Statistical analysis

Statistical analysis was carried out using StataCorp 2019 STATA Statistical Software: release 16 (College Station,TX: StataCorp LLC). Dichotomous data and counts were presented in frequencies, whereas continuous data were presented as mean values ± standard deviations (SD) and/or median with 25–75 Interquartile Range (IQR) and minimum–maximum range. Differences between means were compared using the independent sample Student’s T-test or the Mann–Whitney U test when indicated. Fisher’s exact test or χ2 test, with or without Yates correction, were used to compare differences in frequencies. After an initial entire cohort summary description, the patients managed with gastric resection and those with lavage and drainage were excluded and a deeper statistical analysis was performed only on the patients who underwent the simple suture repair.
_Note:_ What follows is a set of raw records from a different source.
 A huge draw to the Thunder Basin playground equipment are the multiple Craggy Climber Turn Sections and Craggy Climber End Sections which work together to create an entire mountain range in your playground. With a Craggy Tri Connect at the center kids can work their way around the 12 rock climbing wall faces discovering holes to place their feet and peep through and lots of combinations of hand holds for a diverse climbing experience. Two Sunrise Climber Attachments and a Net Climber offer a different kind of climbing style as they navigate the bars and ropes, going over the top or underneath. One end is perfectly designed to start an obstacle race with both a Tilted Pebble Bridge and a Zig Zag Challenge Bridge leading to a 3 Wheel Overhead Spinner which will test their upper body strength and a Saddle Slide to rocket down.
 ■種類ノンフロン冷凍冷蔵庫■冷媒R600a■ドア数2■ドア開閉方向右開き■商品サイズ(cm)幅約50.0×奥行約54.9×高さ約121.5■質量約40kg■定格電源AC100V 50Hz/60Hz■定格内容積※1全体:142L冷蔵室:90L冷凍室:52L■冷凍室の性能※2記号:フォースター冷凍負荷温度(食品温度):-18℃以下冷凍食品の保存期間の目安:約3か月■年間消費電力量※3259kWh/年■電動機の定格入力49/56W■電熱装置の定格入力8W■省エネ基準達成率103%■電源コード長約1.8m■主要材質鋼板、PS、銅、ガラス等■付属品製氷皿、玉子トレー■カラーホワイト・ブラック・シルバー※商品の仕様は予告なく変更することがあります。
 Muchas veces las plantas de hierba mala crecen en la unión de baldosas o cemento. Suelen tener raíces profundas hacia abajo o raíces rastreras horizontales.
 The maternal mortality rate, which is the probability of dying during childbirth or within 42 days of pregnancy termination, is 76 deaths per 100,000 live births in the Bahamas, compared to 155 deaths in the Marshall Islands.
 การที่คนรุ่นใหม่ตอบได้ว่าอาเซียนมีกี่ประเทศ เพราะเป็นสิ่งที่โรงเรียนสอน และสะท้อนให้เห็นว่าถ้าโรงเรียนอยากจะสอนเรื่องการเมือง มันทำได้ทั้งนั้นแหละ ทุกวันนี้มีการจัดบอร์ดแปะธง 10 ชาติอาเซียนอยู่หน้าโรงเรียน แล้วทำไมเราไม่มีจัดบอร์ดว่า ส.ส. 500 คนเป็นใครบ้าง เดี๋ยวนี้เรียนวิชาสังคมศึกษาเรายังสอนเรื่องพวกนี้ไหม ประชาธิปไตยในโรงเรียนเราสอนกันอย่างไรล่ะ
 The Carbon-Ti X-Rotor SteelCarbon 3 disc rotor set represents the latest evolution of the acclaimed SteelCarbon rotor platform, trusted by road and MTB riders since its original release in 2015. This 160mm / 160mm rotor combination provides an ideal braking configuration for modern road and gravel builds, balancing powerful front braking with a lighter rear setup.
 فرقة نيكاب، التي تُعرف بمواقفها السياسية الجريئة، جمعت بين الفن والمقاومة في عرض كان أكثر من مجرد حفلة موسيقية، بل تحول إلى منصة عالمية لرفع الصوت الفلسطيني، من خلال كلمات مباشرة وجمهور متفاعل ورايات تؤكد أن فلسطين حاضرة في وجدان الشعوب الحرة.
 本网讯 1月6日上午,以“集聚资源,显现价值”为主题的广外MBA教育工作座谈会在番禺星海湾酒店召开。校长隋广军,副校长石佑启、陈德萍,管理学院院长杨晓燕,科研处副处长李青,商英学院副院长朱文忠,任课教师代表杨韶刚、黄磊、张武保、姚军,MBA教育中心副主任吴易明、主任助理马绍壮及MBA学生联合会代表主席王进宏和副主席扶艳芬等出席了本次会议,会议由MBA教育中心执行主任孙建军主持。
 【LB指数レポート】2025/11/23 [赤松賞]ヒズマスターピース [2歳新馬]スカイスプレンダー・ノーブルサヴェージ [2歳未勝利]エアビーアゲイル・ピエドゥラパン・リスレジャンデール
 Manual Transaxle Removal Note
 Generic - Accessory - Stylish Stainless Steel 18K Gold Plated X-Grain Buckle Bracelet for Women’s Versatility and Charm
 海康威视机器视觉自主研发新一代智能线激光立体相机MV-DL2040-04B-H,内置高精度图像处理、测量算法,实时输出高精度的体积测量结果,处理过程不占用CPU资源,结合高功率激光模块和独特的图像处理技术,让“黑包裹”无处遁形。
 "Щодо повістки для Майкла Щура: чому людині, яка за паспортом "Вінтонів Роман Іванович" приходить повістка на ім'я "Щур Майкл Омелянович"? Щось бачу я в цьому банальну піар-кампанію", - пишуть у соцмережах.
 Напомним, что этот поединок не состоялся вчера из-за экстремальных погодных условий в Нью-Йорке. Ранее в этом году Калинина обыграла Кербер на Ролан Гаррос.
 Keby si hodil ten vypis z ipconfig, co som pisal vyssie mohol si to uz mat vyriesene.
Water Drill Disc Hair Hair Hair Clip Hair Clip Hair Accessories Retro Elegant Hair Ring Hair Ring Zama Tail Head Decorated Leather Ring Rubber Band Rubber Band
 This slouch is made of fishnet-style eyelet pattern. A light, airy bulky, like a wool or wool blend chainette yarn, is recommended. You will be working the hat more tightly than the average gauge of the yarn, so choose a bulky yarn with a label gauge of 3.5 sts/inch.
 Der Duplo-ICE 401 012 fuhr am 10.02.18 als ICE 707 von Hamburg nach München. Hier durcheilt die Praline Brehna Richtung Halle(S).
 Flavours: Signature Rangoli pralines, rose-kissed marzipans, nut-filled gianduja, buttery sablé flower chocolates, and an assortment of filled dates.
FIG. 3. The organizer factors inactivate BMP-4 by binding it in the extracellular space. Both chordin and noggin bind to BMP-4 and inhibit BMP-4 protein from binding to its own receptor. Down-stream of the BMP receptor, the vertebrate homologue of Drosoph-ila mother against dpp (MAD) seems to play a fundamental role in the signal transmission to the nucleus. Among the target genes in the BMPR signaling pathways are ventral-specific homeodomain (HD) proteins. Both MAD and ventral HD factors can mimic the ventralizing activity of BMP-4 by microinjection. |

Firstly, the accuracy of the morbidity and mortality prediction of MPI, Boey score, PULP score, and Jabalpur score was evaluated by receiver-operating characteristic (ROC) curve analysis, and the corresponding area under the curve (AUC) values was compared. Univariate analysis was performed in order to assess the Odds Ratio of any factor for suture leak and conversion to open. Odds Ratio was calculated by means of a 2 × 2 Contingency table for binary variables while by means of logistic regression for those continuous. All variables with a p value < 0.10 at univariate analysis were entered into a backward stepwise logistic regression model. If needed, receiver-operating characteristic (ROC) curve analysis was performed to calculate the cut-off value corresponding to the maximum Youden’s index of continuous variables in order to clarify the potential clinical relevance of such Odds Ratio values.

Thereafter, a propensity score matching was carried out. The Italian Version of IBM Corp. Released 2012. IBM SPSS Statistics for Macintosh, Version 21.0. IBM Analytics (Italy, Segrate, Milan) integrated with SPSS R Essentials for R Statistical Software version 2.14.2 (Foundation for Statistical Computing, Vienna, Austria) was used. The model was constructed to eliminate selection bias between groups and was reported according to the recommendations of Lonjon et al. [28]. Variables influencing decision regarding surgical approach and variables with potential influence on outcomes were assigned propensity scores using a bivariate logistic regression model. The final model included the following variables: sex as exact, age, ASA score, Age-Shock Index, and Age-CACI. We matched propensity scores 1:1 with the use of the nearest neighbour methods without replacement using the closest callipers width to achieve the maximum number of cases without statistical differences in confounders. In this instance, the calliper width was set at 0.2. All tests were two-tailed and a p value ≤ 0.05 was considered statistically significant.

Result

Entire cohort

A total of 509 patients fulfilling the inclusion criteria were evaluated (Fig. 1). The overall mean age was 62.9 ± 17.4 (range 18 to 100 years), 273 (53.6%) were male. A laparoscopy approach (LA) was performed in 212 patients (41.6%) while an open approach (OA) was performed in 276 patients (54.2%). The overall conversion rate was 4.1% (21 patients). Four hundred and fifty-three patients (89.0%) underwent simple repair with or without an omental patch, 50 patients (9.8%) underwent gastric resection, while a peritoneal lavage and drainage was performed in 6 (1.2%) patients. Table 1 reports demographics, clinical and operative data stratified by the type of approach.

Fig. 1
figure 1

Flow chart of clinical study design. (PSM propensity score matching, Lap. laparoscopy)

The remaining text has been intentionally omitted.